31. Kaye PV, Dreyer MD. Queda espinhal: uma apresentação clínica e citológica incomum. Cytopatologia. 1999;10(6):411-4.

32. Kuo YJ, Chiang CJ, Tsuang YH. Artropatia gouty da coluna cervical de um adulto jovem. J Chin Med Assoc. 2007;70(4):180-2.

33. Becker MA. Manifestações clínicas e diagnóstico de gota. UpToDate (v.19.1); 2011 ; Disponível em: www.uptodateonline.com.

34. Mekelburg K, Rahimi AR. Artrite gotosa da coluna vertebral: apresentação clínica e tratamentos eficazes. Geriatria. 2000;55(4):71-4.

35. Alarcon GS, Reveille JD. Artrite gotosa do esqueleto axial incluindo as articulações sacroilíacas. Arco Interno Med. 1987;147(11):2018-9.

36. Konatalapalli RM, Demarco PJ, Jelinek JS, Murphey M, Gibson M, Jennings B, et al. Gout no esqueleto axial. J Rheumatol. 2009;36(3):609-13.

37. Konatalapalli RM, Lumezanu E, Jelinek JS, Murphey M, Carter E, Weinstein A. A Prospective Studyof Correlates of Axial Gota.
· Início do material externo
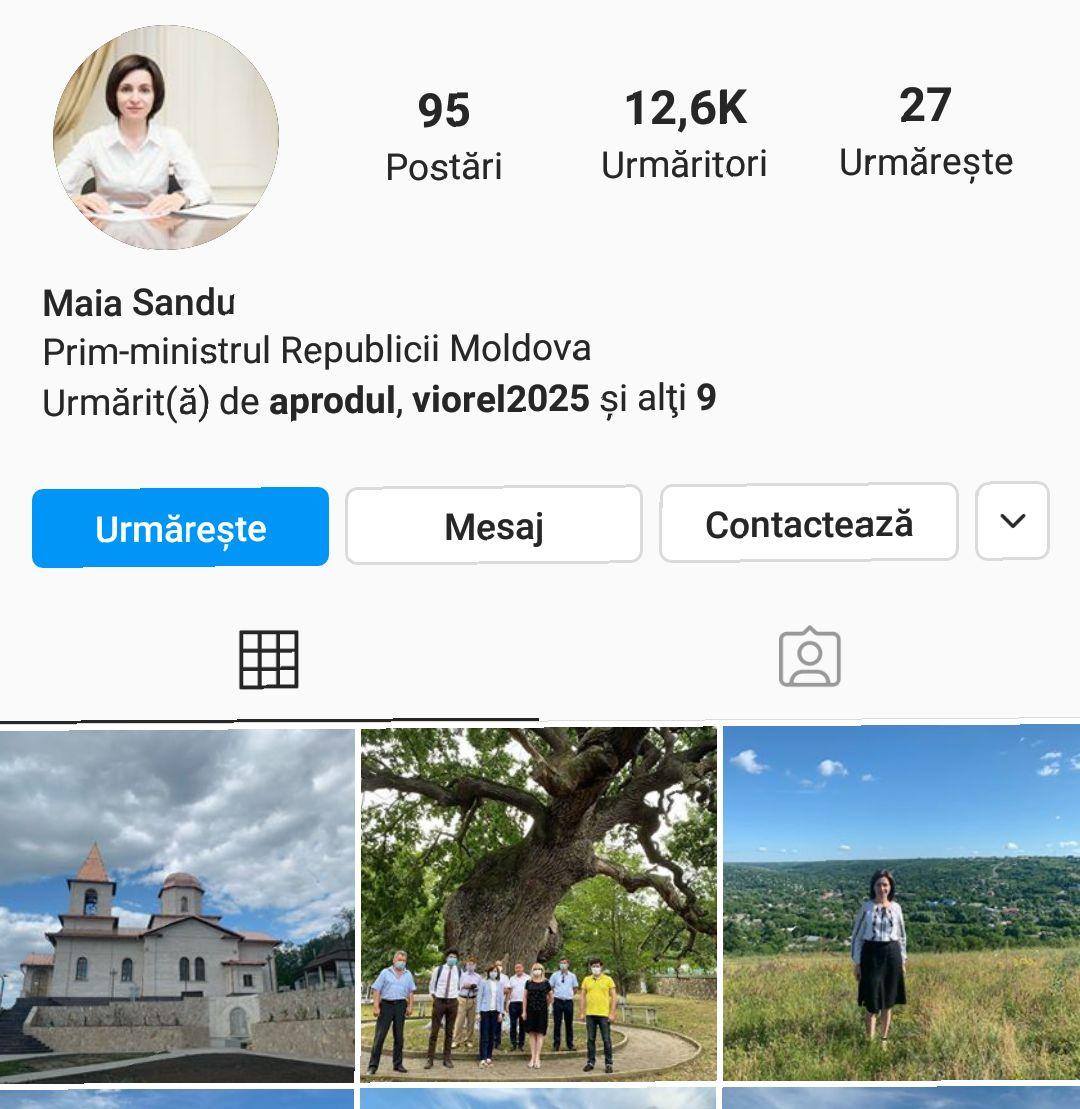 Lidera PAS, Maia Sandu, rămâne să fie prim-ministrul Republicii Moldova doar că pe profilul său de pe Instagram. Chiar dacă a fost demisă în noiembrie 2019, aceasta nu și-a schimbat funcția pe rețelele de socializare.

Reunião Científica ACR/ARHP 2010; Atlanta, USA2010.

38. Choi HK, Mount DB, Reginato AM. Patogénese da gota. Ann Estagiária Med. 2005;143(7):499-516.

39. Cannella AC, Mikuls TR. Compreendendo tratamentos para a gota. Am J Manag Care. 2005;11(15 Suppl):S451-8; quiz S65-8.

40. Terkeltaub RA. Prática clínica. Gout. N Engl J Med. 2003;349(17):1647-55.